### Required work
Only those lines in the data below from the line containing "煙氣在系統(tǒng)風(f" through the line containing "Weil der Abwärtssog", both included, should be restated word for word.

### Input data

=== Begin Enclosure ===

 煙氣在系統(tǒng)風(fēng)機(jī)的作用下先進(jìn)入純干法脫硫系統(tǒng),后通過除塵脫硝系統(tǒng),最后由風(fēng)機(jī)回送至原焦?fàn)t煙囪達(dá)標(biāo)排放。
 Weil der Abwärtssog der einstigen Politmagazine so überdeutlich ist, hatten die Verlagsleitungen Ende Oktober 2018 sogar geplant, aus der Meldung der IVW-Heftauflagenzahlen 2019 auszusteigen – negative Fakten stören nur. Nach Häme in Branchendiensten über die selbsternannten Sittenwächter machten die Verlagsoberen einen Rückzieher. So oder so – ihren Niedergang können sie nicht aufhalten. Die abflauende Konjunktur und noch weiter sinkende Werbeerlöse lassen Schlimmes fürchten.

=== End Enclosure ===
=== Begin Enclosure ===

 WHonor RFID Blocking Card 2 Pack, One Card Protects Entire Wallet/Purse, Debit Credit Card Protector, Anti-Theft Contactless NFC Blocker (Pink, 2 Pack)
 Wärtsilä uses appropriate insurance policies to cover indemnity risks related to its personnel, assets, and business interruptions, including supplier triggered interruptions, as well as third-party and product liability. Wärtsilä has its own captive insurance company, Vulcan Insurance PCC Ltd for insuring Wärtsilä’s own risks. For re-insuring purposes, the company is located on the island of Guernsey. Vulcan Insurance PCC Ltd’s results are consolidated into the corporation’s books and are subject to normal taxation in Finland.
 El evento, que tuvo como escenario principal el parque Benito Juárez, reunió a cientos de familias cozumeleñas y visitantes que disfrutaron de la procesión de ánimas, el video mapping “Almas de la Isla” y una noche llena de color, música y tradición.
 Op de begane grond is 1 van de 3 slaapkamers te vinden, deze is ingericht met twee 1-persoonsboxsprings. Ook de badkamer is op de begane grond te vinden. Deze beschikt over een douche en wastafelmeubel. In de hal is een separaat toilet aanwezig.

=== End Enclosure ===

### Result
 煙氣在系統(tǒng)風(fēng)機(jī)的作用下先進(jìn)入純干法脫硫系統(tǒng),后通過除塵脫硝系統(tǒng),最后由風(fēng)機(jī)回送至原焦?fàn)t煙囪達(dá)標(biāo)排放。
 Weil der Abwärtssog der einstigen Politmagazine so überdeutlich ist, hatten die Verlagsleitungen Ende Oktober 2018 sogar geplant, aus der Meldung der IVW-Heftauflagenzahlen 2019 auszusteigen – negative Fakten stören nur. Nach Häme in Branchendiensten über die selbsternannten Sittenwächter machten die Verlagsoberen einen Rückzieher. So oder so – ihren Niedergang können sie nicht aufhalten. Die abflauende Konjunktur und noch weiter sinkende Werbeerlöse lassen Schlimmes fürchten.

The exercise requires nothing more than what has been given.